This weapon is known in Europe from the circumstance of a child’s toy bearing the first of these names. It is a long tube from which a little arrow is expelled by the breath, resembling in size and appearance a knitting-needle, and provided at its unpointed end with a ball of elderpith or tow, which serves as wadding. The range of this arm is from 75 to 100 feet. The sumpitan may be considered as a weapon indirectly set in motion by muscular force, for the arrow is expelled from it as the result of contractions of the thoracic muscles, but it is better to regard it as the prototype of the fire-arm, as the arrow may be discharged by utilising the expansion of gas, and thus transformed into a fire-arm. As to true fire-arms, known to the Chinese and peoples of antiquity, they have only made real headway in Europe, and that from the fifteenth century.
But if the missile weapons in the two categories which I have just enumerated are little known to uncivilised peoples (setting aside, of course, the fire-arms imported by civilised man), those of the third category, in which advantage is taken of the muscular force of an elastic body (the bow), is universally employed by them, as it was formerly in Europe. The most perfected arm of this kind was the complicated cross-bow of our ancestors and the Chinese.
The Bow and Arrow.[304]—The origin of the bow is unknown; certain authors consider that a flexible twig arranged as a snare would give the first idea of it. This may be so, for among the Maoris of New Zealand there used to be a hand-weapon which bore a striking resemblance to this snare: a whip with a flexible handle, by means of which an arrow held in the hand was shot off.[305] Among several Eurasian peoples there is a toy which reproduces this weapon as a survival; among the Votiaks it even bears the name of n’el, which means arrow in several Finnish languages.[306] However that may be, we may divide the infinite variety of bows into two groups: the plain bow—that is to say, the bow formed of a single piece of wood, and the composite bow, made of various materials—wood, horn, ivory, sinews, leather, etc., glued solidly together.
The least complicated type of the composite bow is that of the eastern Eskimo, of wood and horn, or of wood and bone, the weapon being strengthened by a cord of sinews applied along the “back” or the outer side (opposed to the “belly,” inner side, which is nearest the archer when he bends the bow).[307]

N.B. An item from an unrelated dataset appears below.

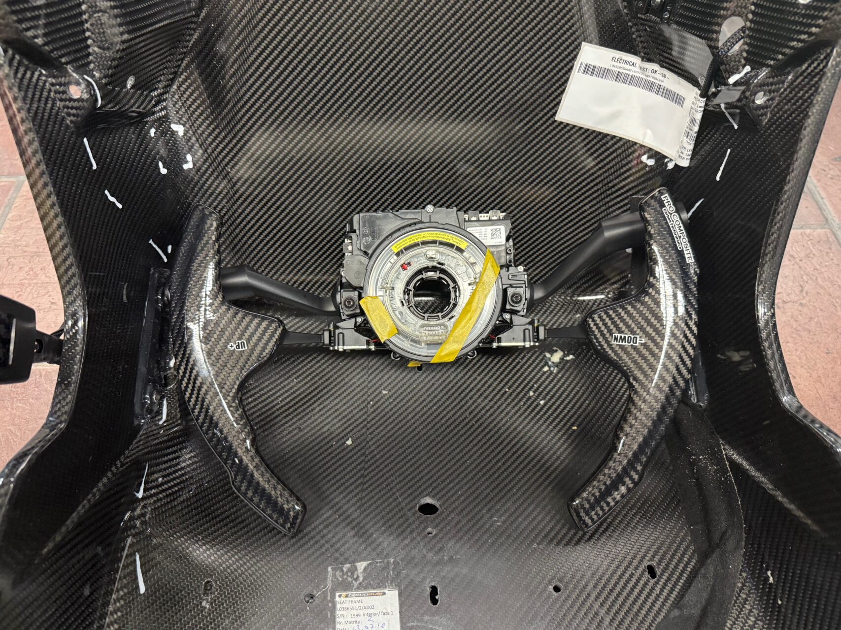 先ずは、装着されているバケットシートのシェル部分も全てドライカーボン製、軽量な上安全性に優れてドライバーを守ってくれます(^^♪

Among simple bows we must mention that of the Melanesians, having a groove sometimes on the outer, sometimes on the inner side; that of the Monbuttus, provided with a “grip”; lastly, that of the Andamanese, in the form of an S, resembling in its general appearance on the one hand certain bows of the Eskimo, and on the other, those of certain Bantu Negroes of Eastern Africa (according to Foa).[308]
FIG. 77.—Different methods of arrow release.
Top, primitive release.
Middle, Mongolian release.
Bottom, Mediterranean release.
(After E. Morse.)
Arrows cut wholly from one piece of wood are rare. Most of them are composed of three distinct parts fitted together: head, shaft, and feather. The head is of hard wood (sometimes hardened in the fire) or of human bone among the Melanesians; of chipped stone among certain American Indians and our quaternary ancestors; of bone, wood, and iron among various Siberian peoples; of iron among most of the other peoples. The form of the head varies infinitely; but the varieties turn around two types: sagittal (as a classic or conventional arrow) and lanceolate (as a laurel leaf). There are likewise arrow-heads with transverse or hollowed edges in the form of the fruit of the maple (Turks and Tunguses of Siberia, Negroes of the Congo). Lastly, there are arrows of which the head has nothing pointed about it, for it is shaped like a ball, an olive or cone upside down, etc. These arrows are used by several Siberian peoples (Ostiaks, Tunguses), by Negroes of the Congo, Indians of Western Brazil, etc., as a blunt weapon for killing animals whose fur, being valuable, might be spoilt by the blood flowing from a wound. The Buriats of old used whistling arrows, probably to frighten their enemies, etc. The feather is wanting in several forms of Melanesian arrows very complicated as regards the head, in certain African arrows, etc. Among the Monbuttus it consists of the hair of animals; everywhere else, however, of birds’ feathers.